表題番号:2013B-032 日付:2014/03/03
研究課題〈場所〉の現象学的美学に関する基盤研究
研究者所属(当時) 資格 氏名
(代表者) 文学学術院 教授 小林 信之
研究成果概要
「場所」概念を現象学的に掘り下げるにあたり、本年度はとりわけ西田幾多郎の哲学とハイデガーの「情態性」に関する議論を中心に考察した。そこからさらに、場所論を美学上の問題として展開する論考も公表した。
まとめると、研究成果は下記の項目に集約される。
1.アイステーシス(美的・感性的働き)がわたしたちの日常的生活世界という「場所」において、どのように作動し、どのような意味をもちうるか、について。フッサールにはじまるエポケーの概念を再考すると同時に、それをよりラディカルに継承したハイデガーの「不安」概念を検討した。

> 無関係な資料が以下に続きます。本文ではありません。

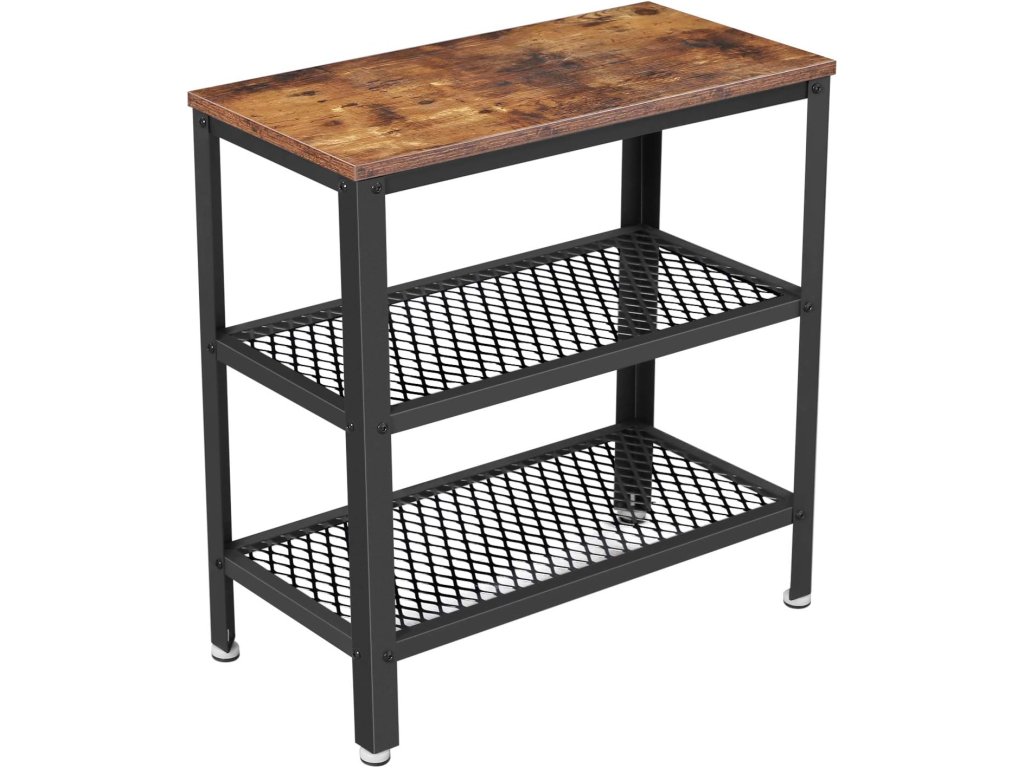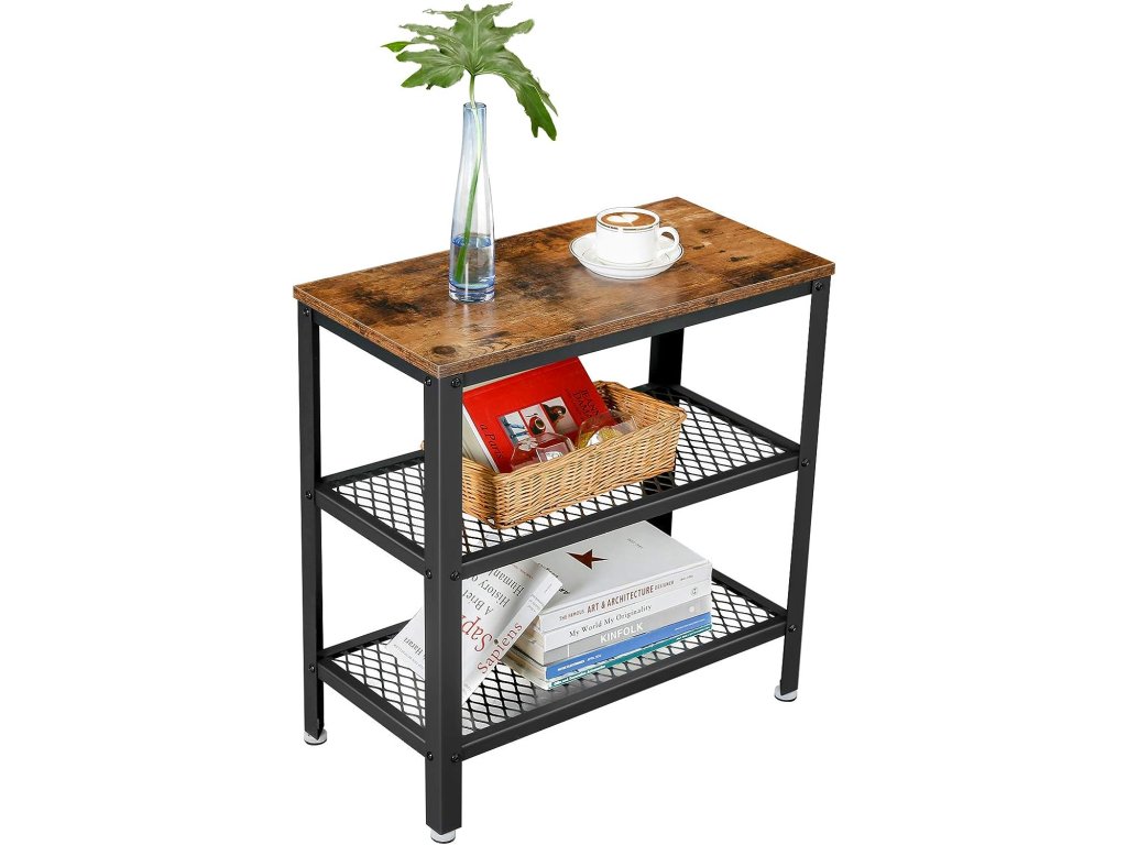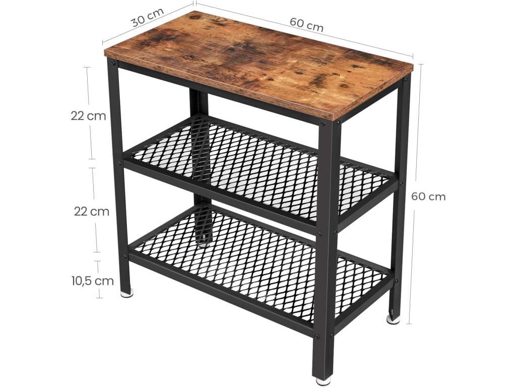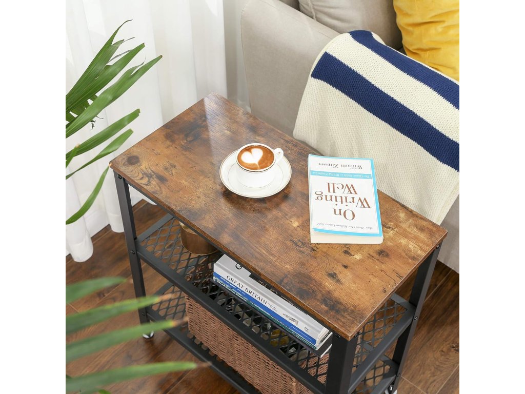 Dzięki swojemu kompaktowemu kształtowi i praktycznemu wykonaniu, ten stolik stanie się nieodzownym towarzyszem w każdym pomieszczeniu. Oferuje idealną przestrzeń na odłożenie książki, filiżanki kawy lub dekoracji, podczas gdy dolne metalowe półki służą do przejrzystego przechowywania czasopism, koszyków czy elektroniki. Połączenie drewna i metalu nadaje wnętrzu industrialny charakter, a jednocześnie łatwo się komponuje z różnymi stylami wyposażenia. Użyj stolika obok sofy, w przedpokoju lub jako stolik nocny – możliwości są liczne.

わたしたちの知覚経験は、たとえば風の音という「もの」のたち現れを聴き取る「気づき」の経験である。しかも、ものの現れは単独の孤立した現象ではなく、相互に連関しあったさまざまな意味の網目を構成し、わたしたちの生きる日常世界を指示している。世界は、わたしたちとものの出会いに先立って、意味の地平としてすでに開示されていなければならない。そしてそこからさらに、この世界を世界として可能にしている時間性が、たとえば「秋」という季節のおとづれの内に気づかれる(驚かれる)のである。 本論は、このように現象学的探求のなかで得られた世界概念とその構造への問いを遡及的に問い、そこから場所論へと展開する可能性を探求した。その際導きの糸となったのは、風の音に「驚く」というアイステーシスの経験であり、したがって本研究は広い意味での美学研究に位置づけることができる。研究成果は、早稲田大学総合人文科学研究センター『WASEDA RILAS JOURNAL』 NO. 1に公表した。
2.西田幾多郎の場所論の考察。西田の場所概念と、その美学的展開可能性について検討した。その際、西欧において歴史的に形成された美学理論を相対化すると同時に、東アジア的世界に目をむける必然性に留意した。研究成果は、『日本の哲学』第14号に公表した。
3.ハイデガーの情態性論を、とくにエポケー概念との連関において考察した。研究成果は、2013年9月におこなわれた学会(ハイデガー・フォーラム、於関西大学)にて公表した。